Dechene Muscular Dystrophy DMD


Duchenne Muscular Dystrophy (DMD) is a severe genetic disorder that primarily affects boys, causing progressive muscle degeneration and weakness. It is one of the most common and severe types of muscular dystrophy.


Signs and Symptoms

Symptoms typically appear in early childhood, usually between ages 2 and 5. They include:

Difficulty walking, running, or jumping

Frequent falls

Waddling gait

Enlarged calf muscles (pseudohypertrophy)

Weakness in the hips, thighs, shoulders, and pelvic muscles

Trouble climbing stairs

Delayed speech and motor skills development

Progressive loss of ambulation (usually by early teens)

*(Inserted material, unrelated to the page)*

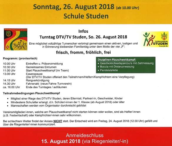 Das OK des DTV Studen freut sich auf zahlreiche Besucherinnen und Besucher, freut sich auf einen erfolgreichen Tag und wünscht den teilnehmenden Kindern und Jugendlichen viel Spass und Freude beim Spiel.
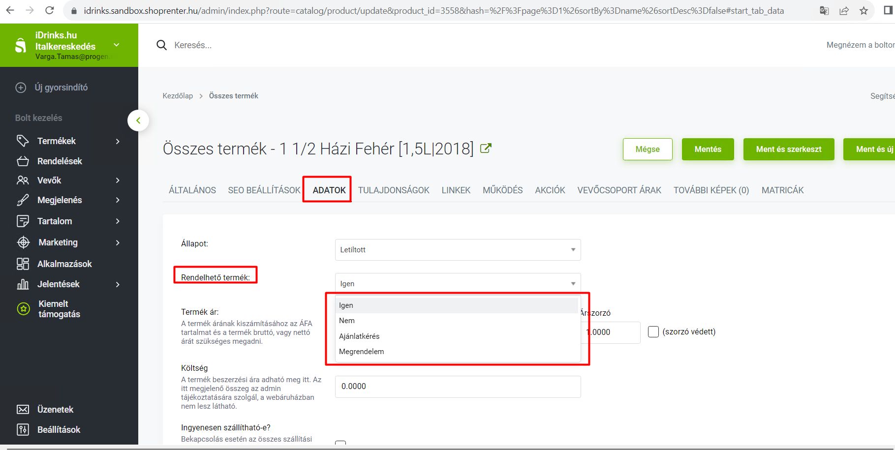 Első lépésként használhatóra állítjuk a Webáruház paramétert (ne módosítsunk semmit, ami kikerülne a webáruházba,)

Respiratory and cardiac issues in later stages

Progression

By age 3-5: Noticeable muscle weakness

By age 7-12: Difficulty walking; most children use a wheelchair by their early teens

By late teens: Increasing difficulty with breathing and heart function

By early adulthood: Severe respiratory and cardiac complications, which are the main causes of death

Causes

DMD is caused by mutations in the DMD gene, which is responsible for producing dystrophin, a protein essential for muscle strength and function. The absence or deficiency of dystrophin leads to muscle damage and progressive weakness. It is inherited in an X-linked recessive pattern, meaning it primarily affects boys, while females can be carriers.

Diagnosis

Physical Examination: Evaluating muscle weakness and delayed milestones

Creatine Kinase (CK) Test: High levels indicate muscle damage

Genetic Testing: Identifies mutations in the DMD gene

Muscle Biopsy: Confirms dystrophin deficiency

Electromyography (EMG): Assesses muscle function

Cardiac and Respiratory Tests: Monitor disease progression


Treatment

There is no cure for DMD, but treatments aim to manage symptoms and improve quality of life:

Corticosteroids (Prednisone, Deflazacort): Slow muscle degeneration

Exon Skipping Therapy (Eteplirsen, Golodirsen, Viltolarsen): Helps produce a functional form of dystrophin in some cases

Gene Therapy: Ongoing research aims to introduce functional dystrophin genes

Physical Therapy: Maintains mobility and prevents contractures

Braces and Mobility Aids: Support movement and posture

Cardiac Medications (ACE inhibitors, Beta-blockers): Manage heart problems

Respiratory Support (Ventilation, Cough Assist Devices): Helps breathing in later stages

Surgical Interventions: For scoliosis or tendon release


Conclusion

DMD is a progressive disorder with no cure yet, but advances in gene therapy and medication offer hope for better management and prolonged lifespan. Early diagnosis and multidisciplinary care can improve quality of life.